What the exercise asks
Where the line containing "Da uno a due: questo" appears, start repeating, and continue exactly through the last line below, adding nothing. Include no pictures.

(Beginning of Data provided)

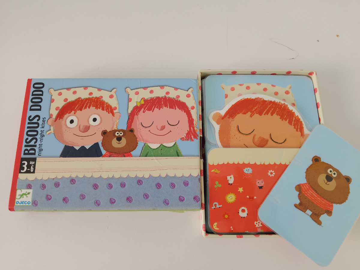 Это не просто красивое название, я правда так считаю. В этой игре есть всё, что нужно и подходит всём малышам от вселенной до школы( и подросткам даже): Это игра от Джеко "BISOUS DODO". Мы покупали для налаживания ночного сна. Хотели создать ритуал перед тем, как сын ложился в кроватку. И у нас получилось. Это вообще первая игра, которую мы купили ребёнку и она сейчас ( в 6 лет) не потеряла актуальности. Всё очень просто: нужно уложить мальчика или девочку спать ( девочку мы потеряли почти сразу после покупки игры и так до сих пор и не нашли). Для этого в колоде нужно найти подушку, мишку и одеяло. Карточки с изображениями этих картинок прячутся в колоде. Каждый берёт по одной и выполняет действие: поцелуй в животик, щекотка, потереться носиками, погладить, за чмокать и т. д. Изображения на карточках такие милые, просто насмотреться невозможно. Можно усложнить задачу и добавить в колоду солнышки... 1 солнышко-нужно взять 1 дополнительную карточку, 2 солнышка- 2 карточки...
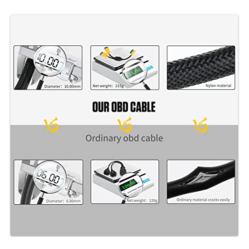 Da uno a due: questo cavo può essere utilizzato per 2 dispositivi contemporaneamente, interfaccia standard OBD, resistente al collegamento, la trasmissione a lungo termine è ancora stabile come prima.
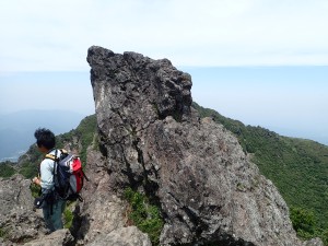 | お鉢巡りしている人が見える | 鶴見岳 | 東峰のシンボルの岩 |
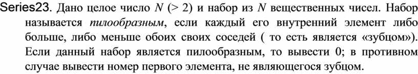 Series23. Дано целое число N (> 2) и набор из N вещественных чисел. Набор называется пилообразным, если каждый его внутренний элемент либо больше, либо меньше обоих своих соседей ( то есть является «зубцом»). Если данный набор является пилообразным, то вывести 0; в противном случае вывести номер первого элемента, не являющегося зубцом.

(End of Data provided)

Solution
 Da uno a due: questo cavo può essere utilizzato per 2 dispositivi contemporaneamente, interfaccia standard OBD, resistente al collegamento, la trasmissione a lungo termine è ancora stabile come prima.
 | お鉢巡りしている人が見える | 鶴見岳 | 東峰のシンボルの岩 |
 Series23. Дано целое число N (> 2) и набор из N вещественных чисел. Набор называется пилообразным, если каждый его внутренний элемент либо больше, либо меньше обоих своих соседей ( то есть является «зубцом»). Если данный набор является пилообразным, то вывести 0; в противном случае вывести номер первого элемента, не являющегося зубцом.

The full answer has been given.